The card, an 1865 photo of the Brooklyn Atlantics, is so rare it is one of only two known in existence. The other? It's in the Library of Congress.
The card was discovered by an antiques picker in Baileyville, a town of about 1,700 people in rural Washington County, the Portland Press Herald said.
"Any auctioneer in the country would want this card,” said Floyd Hartford, of Saco River Auctions in Biddeford, Maine, who will put up the piece of baseball history.
Saco River Auctions set a record in August for the sale of a 1888 Michael "King" Kelly card for $72,100, but auction house manager Troy Thibodeau said the Atlantics card should eclipse even that impressive sum.
"If the other one was a home run, this is a grand slam," Thibodeau said. "It will make huge waves in the industry."

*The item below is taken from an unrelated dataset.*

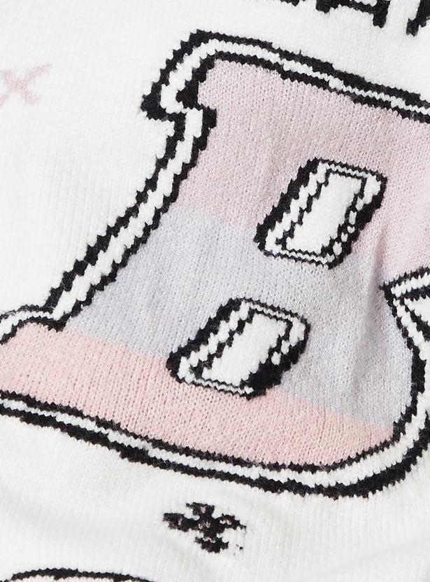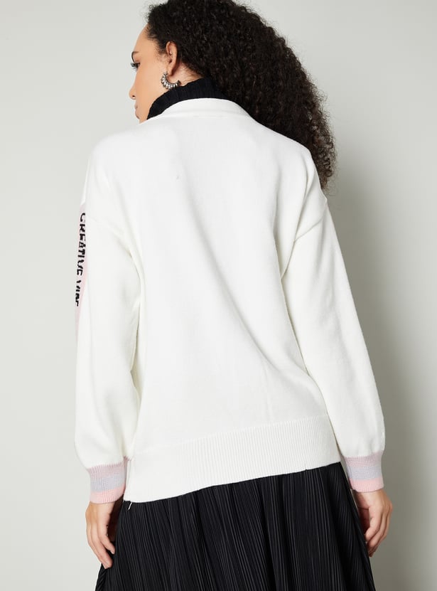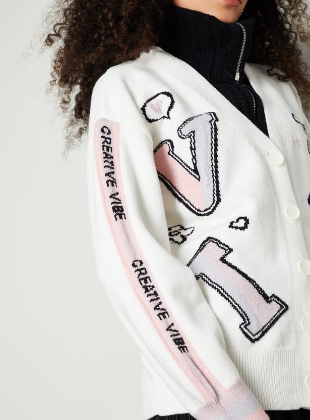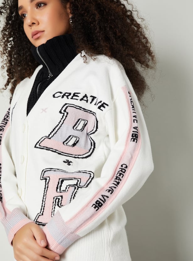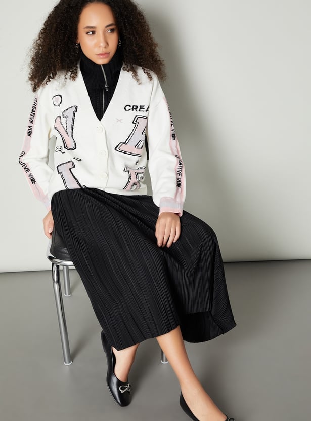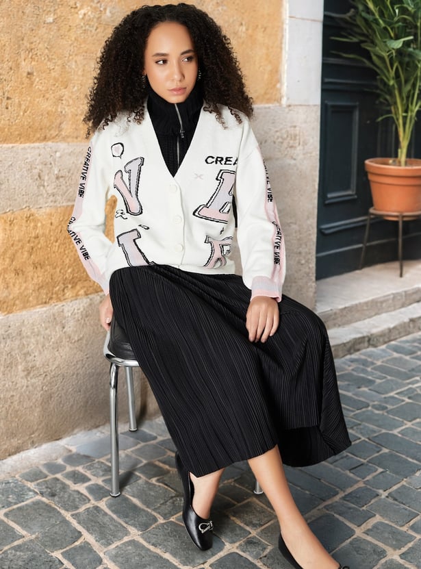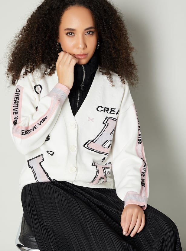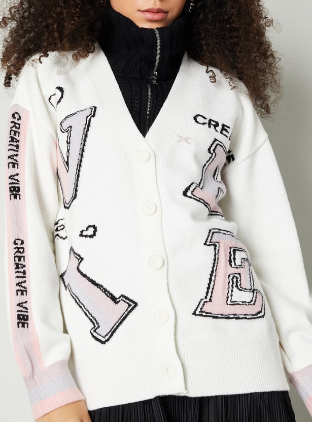 Stay cozy and stylish with this text knit oversized cardigan, perfect for layering over your favorite outfits. Featuring a button front, full sleeves, and a V-neck, it offers both warmth and a relaxed fit

Baseball trade cards began to appear in the late 1860s featuring individual players as both baseball and photography became more popular. The earliest trade cards are believed to have been distributed by Peck and Snyder, a sporting goods store in New York, as an advertising vehicle.

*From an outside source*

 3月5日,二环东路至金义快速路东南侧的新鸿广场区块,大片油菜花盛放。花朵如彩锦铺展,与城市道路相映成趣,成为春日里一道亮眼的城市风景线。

According to the Press Herald, the picker who discovered the card was looking for furniture at a yard sale, but instead found the photo album containing the baseball card in a woodshed.

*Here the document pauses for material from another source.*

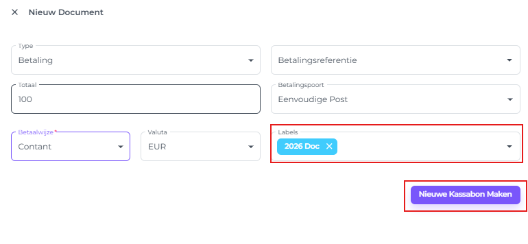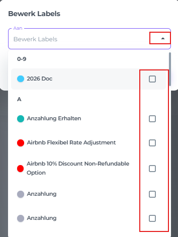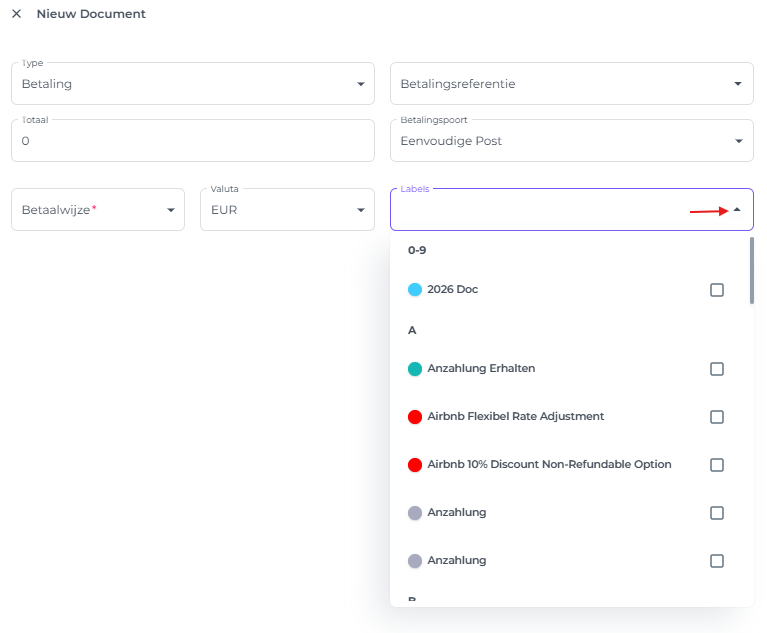 - Selecteer de labels die je aan dit betalingsbewijs wilt koppelen.

A Boston-based photo conservator Paul Messier authenticated the card Monday in a process that took $700 and nearly 6 hours.
The card is a "carte de viste" a small photograph usually made of albumen print, mounted on thicker paper. It shows the ten players of the Atlantics, a team that was dominant in early baseball and won championships in 1861, 1864 and 1865.
The Brooklyn Atlantics card will go up for sale on Feb. 6 at 5 p.m. in Biddeford, Maine.